HRR Assignment Presentation (Emily Boyd and Jef Palframan) 8 Sep 14.pptx
Notes indirectly related to the experiment
- Thomas Dawson:
- No information on him in the Oxford Dictionary of National Biography; genealogical search (familysearch.org) indicates that a Thomas Dawson was born in 1580 in Cottingham, Yorkshire, England and died in 1620. No confirmation if this is the same person, however the death dates match.
- Investigation into Cottingham may bear more fruit on the food culture that existed there, however this is doubtful.
- why would TD write a book directed at 'good wives'? the title page seems to suggest that his intention lie in aiding married couples "Also certain approved point of husbandry, very necessarie for al Husbandmen to know".
- More than likely he saw a market among women and directed his efforts there. This book was reprinted in 1596 and in 1610. He also wrote another part to 'the good housewives' in 1597 and 'A book of cookery' which was published in 1620 and reprinted in 1629 and 1650.
- Was he selling his own intellectual property or cultivating his image? how did this function beyond the book it self? what other methods were used to promote himself? Book tour vis-a-vis Hillary Clinton? or something similar;
- on page 20 of the book is located a recipe called "To make a tart that is a courage to a man or woman", courage meaning aphrodisiac. More evidence that marriage is definitely a concern of his.

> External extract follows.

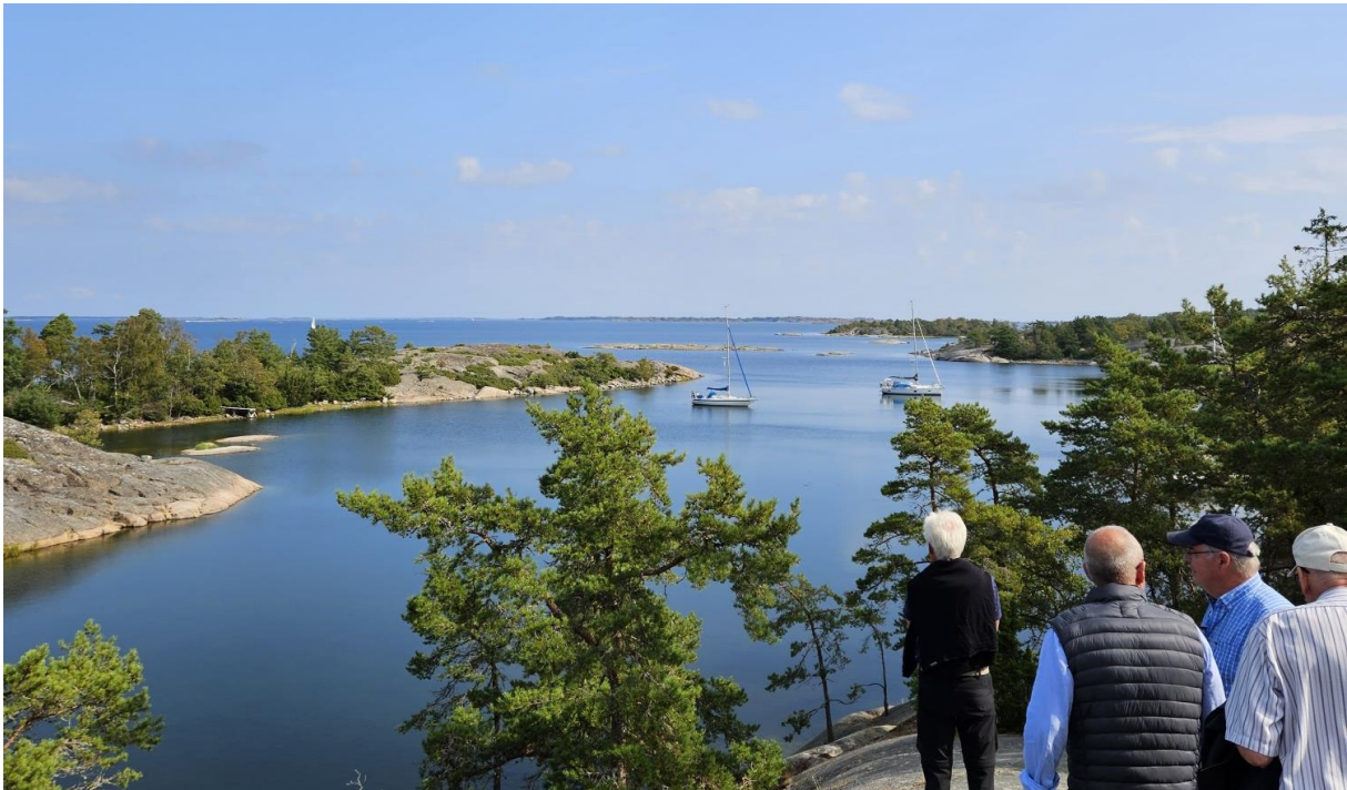
Båtturen till Biskopsö och Tärnskär i yttersta havsbandet blev en storslagen naturupplevelse

OBS att plusgironumret för surströmmingsfesten blev fel i förra veckobrevet, rätt nummer finns nedan.

- Due to the need to document and photograph the process, one person (Emily) was designated the cook while the other was designated the recorder (Me)
- So what? What did we learn by preforming this reconstruction?
- As good as our intentions may be, the process of experiential learning demands that we follow the recipe to the letter. Even if difficulties arise we must ensure that we find authentic solutions to these problems. When challenges are perceived as mistakes we run the risk of injecting modern technologies or solutions into the reconstruction;
- Honing our attention to detail is essential to executing the recipe successfully. The mysterious addition of nutmeg shows that human memory, action, and planning are completely fallible;
- The process to cook a tart involves many activities both inside and outside the kitchen;
General Observations and Questions
- Reconstruction is an interpretation; it is impossible to reproduce the experience absolutely, we can only get so close.
- "There is a danger that by concentrating effort on making the end-product convincing, it might be possible -- either deliberately or subconsciously -- to subordinate the process of reconstruction" (Stinjnman in Clarke, 5)
- Consideration must be given to streamlining work flow and dividing up the division of labor; production of ingredients and inputs is extremely labor intensive, one person could not produce the historical 'object' themselves; a series of relationships was required to accomplish this feat (Feat is the correct noun); the cook or artisan become the focal point for so much activity related to labor and capital that he/she can cultivate a lot of social and intellectual power; Is this where professions get their power? Not so much from the action of the individual, but through the network of interconnected political, agricultural, social and economic systems they command.
- the cook is more of an assembler rather than a producer; refinements and production ingredients can go as far as being an international concern (i.e. the importation of spices and staples)
- labor as an input of production could have been a threat or
- Since inputs are not a decided by the assembler (they cannot conceive or their own tastes, like a painter only has a set number of basic colours that he can combine and manipulate), the unique intellectual efforts (i.e. the combination of flavours, processes and presentation) become the sellable property of the individual;
- how is this type of intellectual property protected in the EME with plagiarism being so common?
- if a society developed to the point where they could produce leisure time and allowed consumption to serve more than the daily dietary requirement then the market for food experiences must then be said to been created. Who and how did the cook come to enter this market? What lead a food preparer to attempt to experiment? What role did women play in this? Hunter/gatherer culture? Not an anthropologist, cannot assume for certain who was preparing food in H/G cultures.